:: Available data

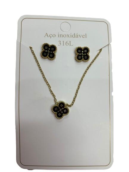 Colar + Brinco Trevo LV Preto c/Dourado - AÇO INOXIDÁVEL
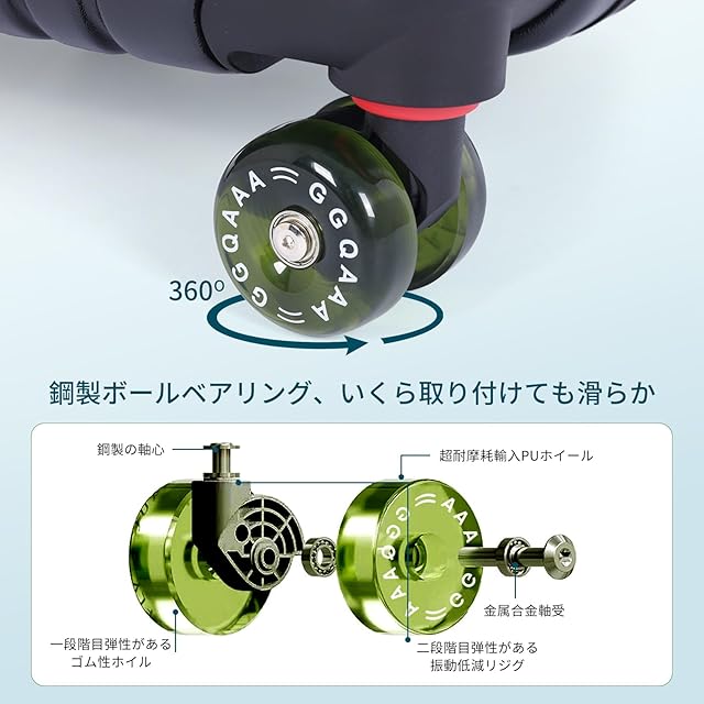 【灌注轮の型スーツケース】革新設計のキャスターシステム、二段階ショック吸収構造:第1段階:高弾性ゴムホイールによる初期衝撃緩和。 第2段階:特殊成型ホイール内蔵のサスペンションスプリングでさらなる振動低減。従来比150%の衝撃吸収性能を実現。プロ仕様の耐久設計, クロカン級ショックアブソーバーベアリング採用,同重量荷物でも30%軽い操作感。
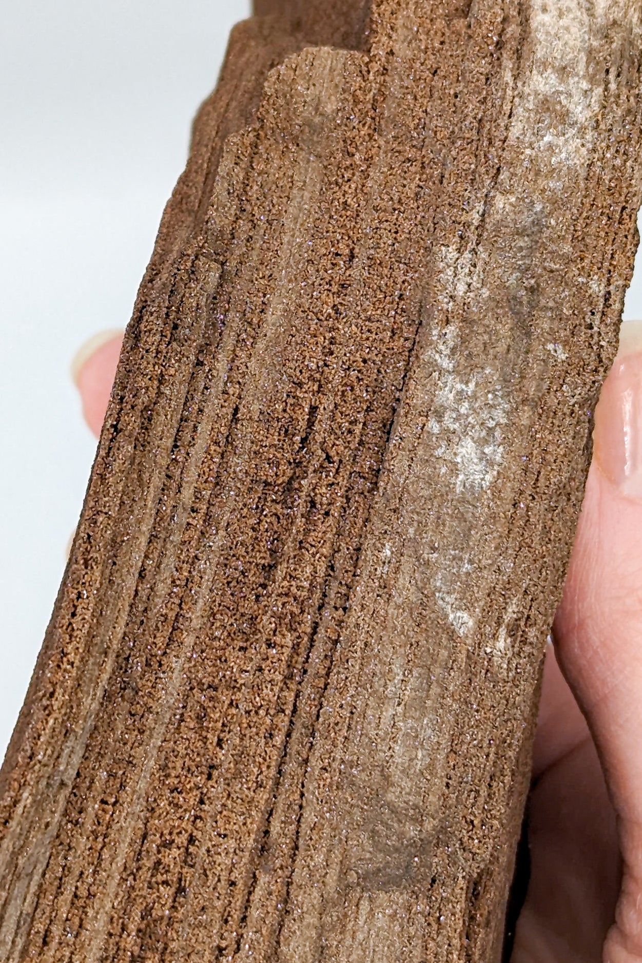 This piece is truly a sight to behold. The sparkle is like nothing I have ever seen before, due to the micro Quartz crystalline layer, naturally forming on the surface. This is a form of petrified wood in which a mineral took over the biological matter of the tree, around 200 million years ago. They were mined in Germany in the 1980s and the mine is already closed, making these pieces SUPER RARE.
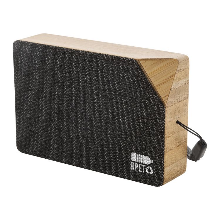 Cassa wireless in bambù con tessuto in poliestere RPET, caricatore solare integrato e batteria ricaricabile (300 mAh). Cavo di ricarica USB Incluso
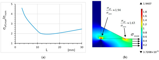 In the load-carrying weld configuration, the optimal condition is achieved when the value of parameter L is close to 14 mm. The critical zone is at the root of the weld, where the value of effective stress σeff, normalised to nominal stress σnom, equals 1.94, as shown in Figure 9. For L values between 3 and 11 mm, however, the critical zone for fatigue cracking shifts to the toe.
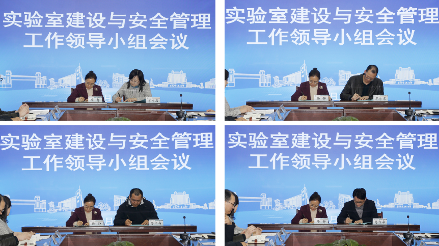 会议通报了2024年度学校实验室安全和建设管理工作情况及2025年实验室建设和安全管理工作目标任务、2025年春季开学实验室安全检查情况;纺织服装学院、化学化工学院、能源与机械学院、物理与电子信息学院等教学单位负责人代表做了典型发言;党委委员、副校长徐静与化学化工学院、生物物理研究院、药学院、生命科学学院等教学科研负责人代表签订了实验室安全责任书。
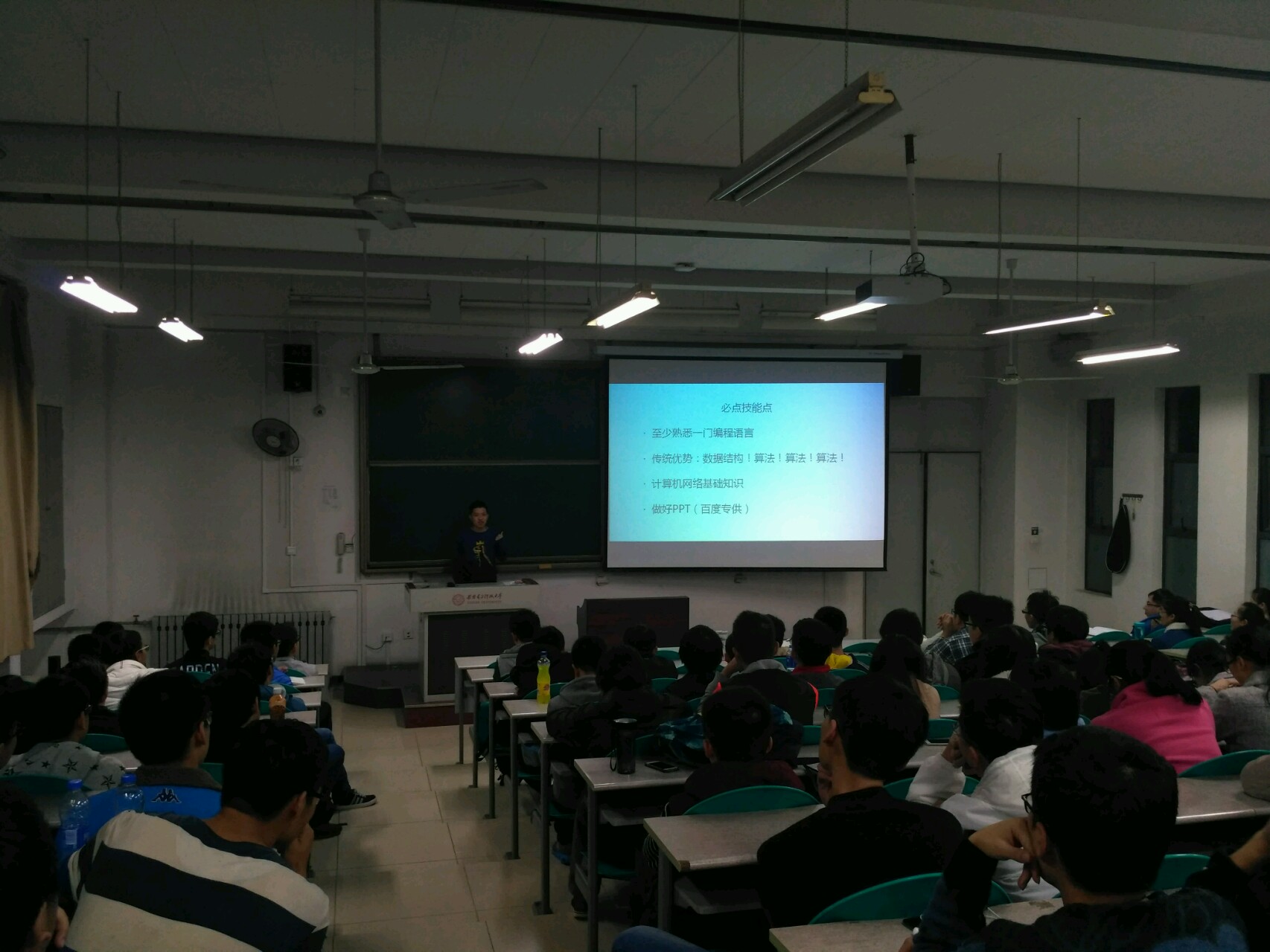 欧阳照玮学长签约了新浪公司,他在就业方面有许多独到的心得。交流会上,欧阳照玮学长结合自身的经历,向同学们介绍了工程师的分类以及一些面试必备的技巧。欧阳照玮学长也为同学们推荐了很多与计算机算法、编程语言相关的书籍,希望大家能够多读书、多学习、多交流。

::::

Directions
Please retype only the lines from the line that holds "会议通报了2024年度学校实" through the end of the records, exactly as they stand, and drop every picture.

Task answer
 会议通报了2024年度学校实验室安全和建设管理工作情况及2025年实验室建设和安全管理工作目标任务、2025年春季开学实验室安全检查情况;纺织服装学院、化学化工学院、能源与机械学院、物理与电子信息学院等教学单位负责人代表做了典型发言;党委委员、副校长徐静与化学化工学院、生物物理研究院、药学院、生命科学学院等教学科研负责人代表签订了实验室安全责任书。
 欧阳照玮学长签约了新浪公司,他在就业方面有许多独到的心得。交流会上,欧阳照玮学长结合自身的经历,向同学们介绍了工程师的分类以及一些面试必备的技巧。欧阳照玮学长也为同学们推荐了很多与计算机算法、编程语言相关的书籍,希望大家能够多读书、多学习、多交流。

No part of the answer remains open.